As an aside, both Tsunoda and Gao were researchers that primarily specialized in hardware design (such as semiconductor devices). However, they say that they can make use of their former experience and knowledge for this project. Tsunoda continues, “Speaking from my experience in device design and simulation, I think we will be able to use AI for these purposes, and I’m looking forward to pursuing these methods.” Gao also adds, “I joined this project last April and started to learn Deep Learning. Therefore, I’m still a beginner.
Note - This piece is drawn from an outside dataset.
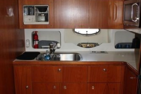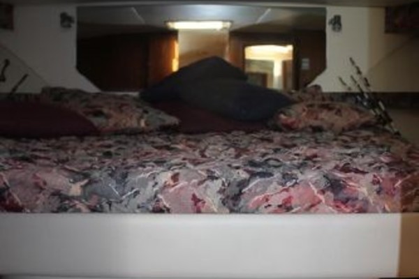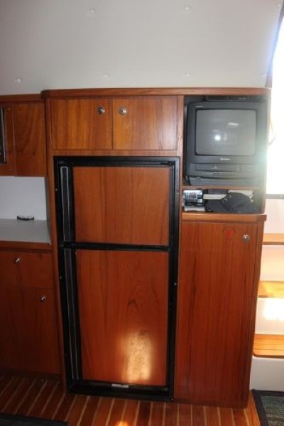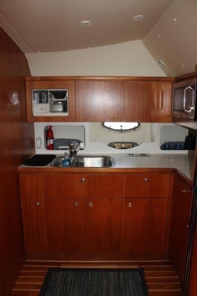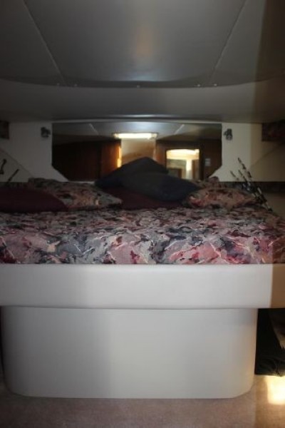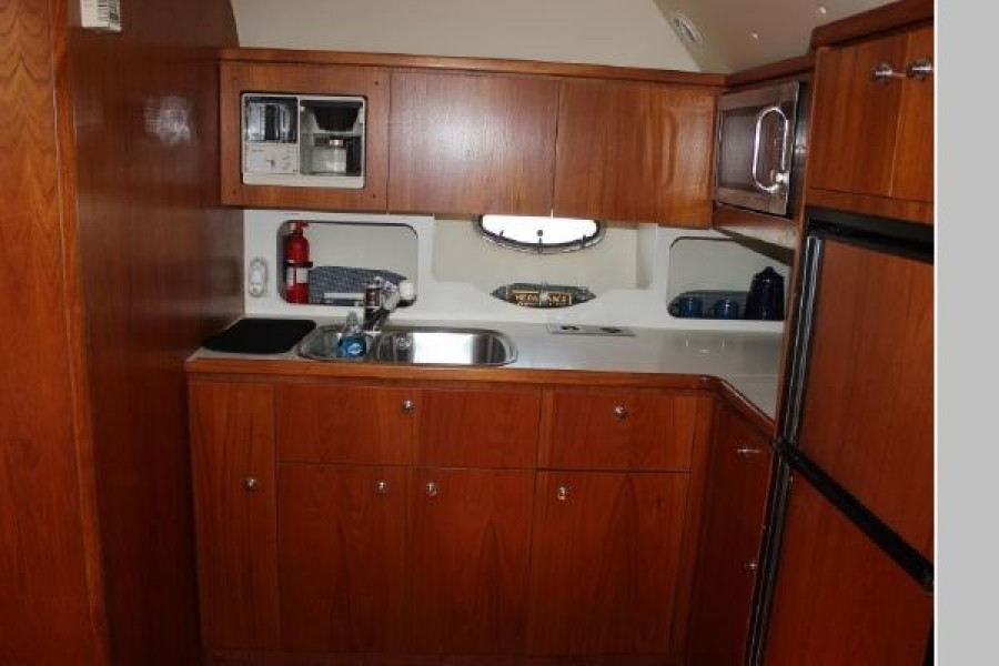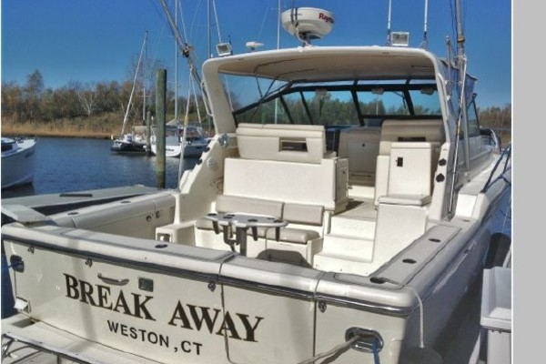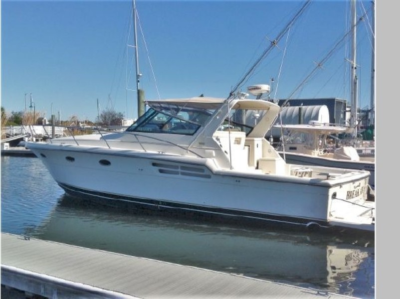 The 4100 Open is built on a beamy modified-V hull with a shallow keel and prop pockets to lower the shaft angles and reduce draft. Under the bridge deck is a full-size engine room with easy access thru cockpit. She has a spacious forward island-berth with plenty of storage and direct access to the head. Her galley has a full size refrigerator/freezer, microwave, 2-burner cook-top, double SS sink and over and under storage. Her spacious salon has a settee/dinette area, entertainment center and the main electrical panel. Her upper cockpit has a double-wide helm seat, L-shaped port lounge and icemaker. Her lower cockpit has all the fishing features you would expect in a Tiara including a tuna door, washdown, lockable rod storage, rod holder table, aft-facing seat and outriggers among others. She has a 9 kW genset and is powered by T 435-HP Caterpillar 3208’s with 1180 hours. Check out the Full Specs and give us a call to see Break Away.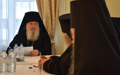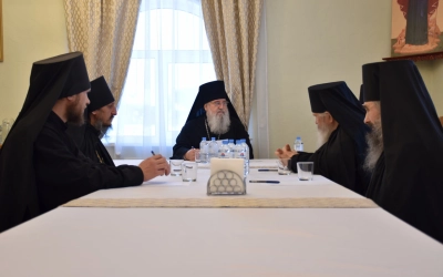 В заседании Духовного собора приняли участие наместник Свято-Владимирского монастыря игумен Тимофей (Ближенский) и братия святой обители.

However, I think I can take an approach based on my experience in circuit designing.”
Deployment opportunities on various platforms, by improving usability
Our final goal in the development of “Content-Aware Computing” is to increase the calculation speed while keeping the required accuracy and, to establish user-friendliness. To achieve this goal, we are trying various methods.
“We would like to keep close contact with Fujitsu’s Business Units and external research institutions to continue exploring new methods. Going forward, we would like to use this Content-Aware Computing technology for various cloud services and diverse platforms such as Fujitsu’s platform products.” (Tsunoda)
Sakai also comments. “Although the R&D on AI itself is actively being promoted by Fujitsu Labs’ Artificial Intelligence Laboratory, we believe that our role is to support its evolution by speeding up computer processing. We will endeavor to overcome the limitations of computing technology and continue the R&D on Content-Aware Computing that will support technological development in the AI era.”